In 2022, however, the judgment went against them. The court based its decision on what Lafforgue considers a misinterpretation of the data from Jean-René’s sports watch, and concluded there was no evidence to rule out a simple heart attack. The family appealed. They needed answers.
On 24 June 2025, the appeal court in Nantes agreed with the Auffrays. In October that year, nine years after his death, the ruling became final: it was indeed hydrogen sulphide that killed Jean-René – the existence of lesions on his lungs proved it – and the French state was found guilty of failing to keep Brittany’s waters clean. The state was ordered to pay €277,343 to his wife, Rosy, €15,000 to each of his three children, and €9,000 to his brother. For all those who had fought to establish that the seaweed was dangerously toxic, it was a landmark judgment. “It felt like a huge weight off our shoulders,” Yann Auffray told me. “For nine years, we had no official confirmation of what my father died of. It was a relief to know we were right.”
There was a catch, though. The court deemed the state 60% liable, and the jogger 40%: apparently, he should have known better than to run in the estuary where the seaweed was rotting. “It makes us furious,” Rosy Auffray told me. As Lafforgue said in court, at the time of Jean-René’s death there was no official recognition of the dangers of the seaweed, and no signage to alert the public.

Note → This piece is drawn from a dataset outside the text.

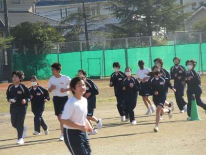 2年生の保健体育の授業は,青空の下での持久走。それぞれ,自分のペースを保ちながら頑張っていました。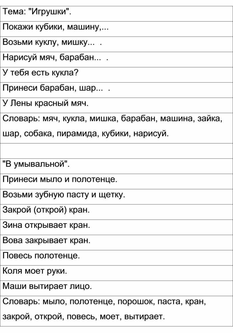 Словарь: мяч, кукла, мишка, барабан, машина, зайка, шар, собака, пирамида, кубики, нарисуй. |

Even now, the warnings are sometimes hard to spot. Last autumn, I took a stroll with Rosy and Yann, on the beach where Jean-René went on his last run. We passed big boards warning of danger zones in bright yellow and red. But on a nearby beach that was officially closed to the public, the only warning notice was a small black-and-white printout of a municipal decree, in French alone. When I visited, a group of seniors were merrily hiking across the sand.
When I met Lafforgue in his Paris office last year, he was hoping that the ruling in favour of the Auffrays would help him in his next case: he is representing the family of Thierry Morfoisse, the beach cleaner who died in 2009, against the company that employed him to clean up the beach. While Morfoisse’s blood contained “enormous quantities” of hydrogen sulphide, the sample was kept in a regular hospital cupboard (which is standard procedure), rendering it inadmissible in court, Lafforgue told me. On 8 January 2026, Morfoisse’s case was sent back to the court of appeal, which will establish whether he was adequately informed and protected by his employer against the dangers of hydrogen sulphide. These days, the beach cleaners now carry hydrogen sulphide detectors and gas masks.

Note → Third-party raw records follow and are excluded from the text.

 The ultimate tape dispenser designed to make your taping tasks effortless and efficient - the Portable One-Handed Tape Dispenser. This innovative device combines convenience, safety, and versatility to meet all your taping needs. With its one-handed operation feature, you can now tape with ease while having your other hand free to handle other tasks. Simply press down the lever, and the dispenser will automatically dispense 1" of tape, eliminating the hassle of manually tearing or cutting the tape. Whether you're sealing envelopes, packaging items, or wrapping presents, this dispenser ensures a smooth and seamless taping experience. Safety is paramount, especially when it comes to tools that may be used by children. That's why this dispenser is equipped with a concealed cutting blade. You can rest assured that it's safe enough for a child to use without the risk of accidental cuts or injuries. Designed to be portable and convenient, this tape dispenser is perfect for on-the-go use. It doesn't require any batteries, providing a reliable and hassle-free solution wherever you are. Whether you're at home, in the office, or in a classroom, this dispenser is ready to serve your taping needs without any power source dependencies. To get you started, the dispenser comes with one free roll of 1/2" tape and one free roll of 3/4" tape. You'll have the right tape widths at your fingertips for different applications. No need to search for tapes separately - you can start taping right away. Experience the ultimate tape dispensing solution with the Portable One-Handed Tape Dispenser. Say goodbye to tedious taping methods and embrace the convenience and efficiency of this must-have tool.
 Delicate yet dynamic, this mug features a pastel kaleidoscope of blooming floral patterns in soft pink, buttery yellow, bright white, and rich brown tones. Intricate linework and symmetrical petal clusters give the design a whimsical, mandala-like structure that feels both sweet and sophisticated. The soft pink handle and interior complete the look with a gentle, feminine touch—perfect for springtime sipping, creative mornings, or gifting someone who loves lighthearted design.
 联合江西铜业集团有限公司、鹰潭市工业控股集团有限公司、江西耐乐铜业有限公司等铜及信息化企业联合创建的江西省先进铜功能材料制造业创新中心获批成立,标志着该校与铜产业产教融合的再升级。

France is on its third “seaweed plan”, which will run until 2027, and includes funding to plant grasses or strips of woodland along vulnerable waterways to reduce nitrate runoff. Earlier this year, a court in Rennes declared these measures to be grossly insufficient. The only way to make a difference would be to shift to a less intensive system of livestock production. There is no sign that this shift will take place.
Meanwhile, the problem is getting worse. According to recent reports, there has been a worrying proliferation of seaweed on Brittany’s famous oyster beds, threatening their future along this coastline.

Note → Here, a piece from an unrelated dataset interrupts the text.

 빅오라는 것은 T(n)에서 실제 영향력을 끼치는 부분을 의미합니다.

There is a prevailing fatigue among locals, exhaustion over the Ulva “still coming back, ever coming back”, said Levain. They mourn the loss of pristine nature, “seeing this familiar environment, very beautiful – damaged,” she said. The doctor, Pierre Philippe, has seen how deadly the seaweed can be to humans, but he, too, mourns the effect it has on the environment. “I love this region, it’s magnificent. When I walk along the cliffs, it’s still wild. But the degradation breaks my heart.”